March 23, 2012
As ordered reported by the House Committee on Energy and Commerce on March 6, 2012
H.R. 3310 would require the Federal Communications Commission (FCC) to prepare a biennial
report for the Congress that assesses certain characteristics of the communications industry. The report would analyze the state of competition in the markets for voice, video, and data services, as well as the availability of high-speed and high-quality telecommunications services. Further, the bill would require the FCC to determine whether laws and regulations pose a barrier to entry into communications markets, and include that information in the biennial report. H.R. 3310 also would relieve the FCC of requirements to prepare certain other reports on topics ranging from access to satellite services to prices for cable services. In all, the bill
would eliminate more than 20 reports and notices, some that remain in current law even though deadlines for their completion have passed.

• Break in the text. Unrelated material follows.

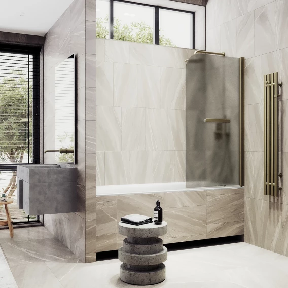 Шторка на ванну MaybahGlass MGV-790-2 80 см R, профиль бронза матовая, стекло бронза матовая

Based on information from the FCC, CBO estimates that implementing the provisions of H.R. 3310 would not have a significant net effect on the agency’s discretionary costs. Any additional expense the FCC would incur to prepare the new assessment of the communications industry would be
offset by a reduction in costs that would otherwise be incurred for reports that would eliminated under the bill. Under current law, the FCC is authorized to collect fees sufficient to offset the cost of its regulatory activities each year; therefore, CBO estimates that the net cost to implement the provisions of H.R. 3310 would be negligible, assuming annual appropriation actions consistent with the agency’s authorities. Enacting H.R. 3310 would not affect direct
spending or revenues; therefore, pay-as-you-go procedures do not apply.
H.R. 3310 contains no intergovernmental or private-sector mandates as defined in the Unfunded Mandates Reform Act and would not affect the budgets of state, local, or tribal governments.
The CBO staff contact for this estimate is Susan Willie. The estimate was approved by Theresa
Gullo, Deputy Assistant Director for Budget Analysis.